┌────────
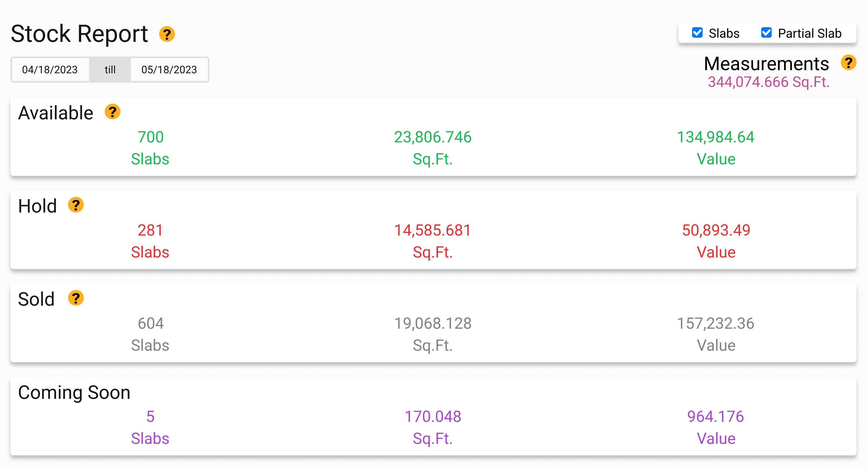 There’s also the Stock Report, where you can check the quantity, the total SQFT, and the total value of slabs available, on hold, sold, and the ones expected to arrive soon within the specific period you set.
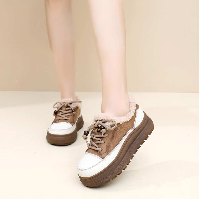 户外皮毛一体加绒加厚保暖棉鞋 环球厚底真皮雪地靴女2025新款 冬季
└────────
┌────────
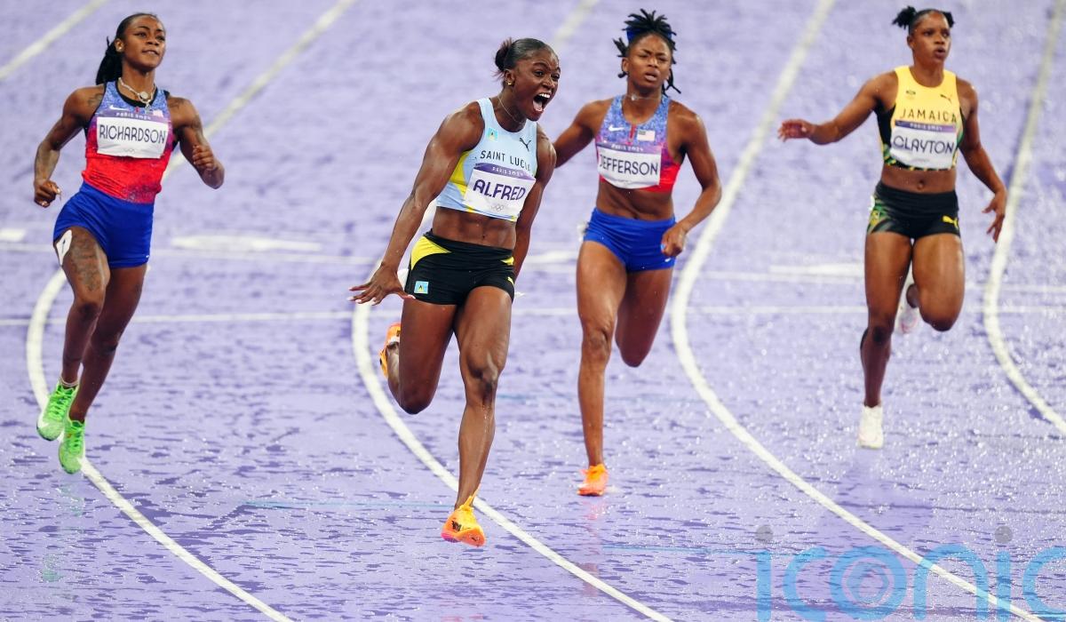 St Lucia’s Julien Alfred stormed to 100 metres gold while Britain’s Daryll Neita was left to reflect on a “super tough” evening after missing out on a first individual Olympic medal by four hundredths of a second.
└────────
┌────────
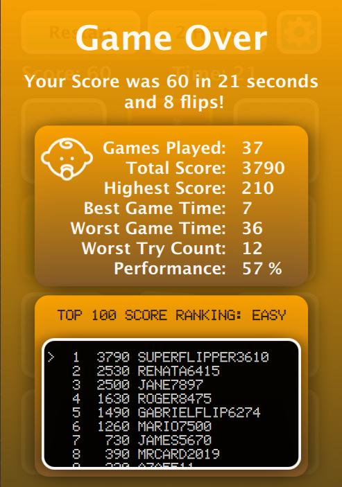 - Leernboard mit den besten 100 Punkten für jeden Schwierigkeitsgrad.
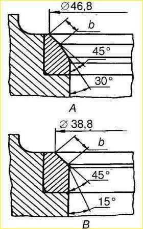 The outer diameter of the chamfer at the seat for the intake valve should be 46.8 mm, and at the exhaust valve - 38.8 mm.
└────────
**Instructions for the task**. From the material above, give again exactly the lines from the one that contains "There’s also the" through the one that contains "户外皮毛一体加绒加厚保暖棉鞋 环球厚底真皮雪地靴女2025新款 冬季", and leave out the pictures.

**Completed exercise**.
 There’s also the Stock Report, where you can check the quantity, the total SQFT, and the total value of slabs available, on hold, sold, and the ones expected to arrive soon within the specific period you set.
 户外皮毛一体加绒加厚保暖棉鞋 环球厚底真皮雪地靴女2025新款 冬季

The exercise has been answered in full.